No, it did not come with a DVI cable, only a scrappy little 15-pin thing.
It's nice. I ran a quick monitor testing program. I see no stuck or dead pixels.
The colors are nice, it's very bright, it looks lovely now at its native resolution (1680x1050). The color temperature looks a bit on the pink side (too cool), I'll see if I can change that in the LCD's menus.
Very sharp text, minimal ghosting (or whatever it is that Rubycon says it is really called

), and, and, it's big.
There is some white bleed at the top and bottom edges when it displays a black screen, but not a lot. The contrast is good, too.
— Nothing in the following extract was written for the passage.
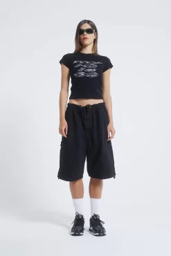 Discover the unparalleled comfort and style of the Black Parachute Cargo Shorts. These shorts feature an oversized fit and six-pocket styling, accompanied by an elasticated waistband and adjustable cotton drawcord for added flexibility.

Running a program in letterbox mode, such as a fullscreen video, results in a picture measuring 20.25" diagonal, so it's just about the same as having my 21" CRT.
And damn, widescreen movies look nice. The colors are quite well saturated, perhaps even too much so. But I haven't touched any of the controls yet.
Right now, it looks like a darn fine monitor. Thank you everyone for your suggestions.
It's also amazing how much this not-Monster Cable doesn't suck.:laugh:
Well, the first problem has arisen. SageTV stretches the image to fill the entire screen. Hopefully it's just a simple setting in SageTV that needs changing.
And indeed it was. I changed the aspect ratio to 16:10, and all's well.
More updates follow
I just checked out the menu, and adjusted the color temperature to something a bit more blue.
The menu is pretty sparse. There are 5 sections for settings, one of which is just for language and the position of the OSD. The 4 others have controls for:
- brightness, contrast and gamma
- color temperature with a master slider and one for each color
- horizontal and vertical positioning
- clock, phase, and sharpness
That's it, though I don't know that much else is needed.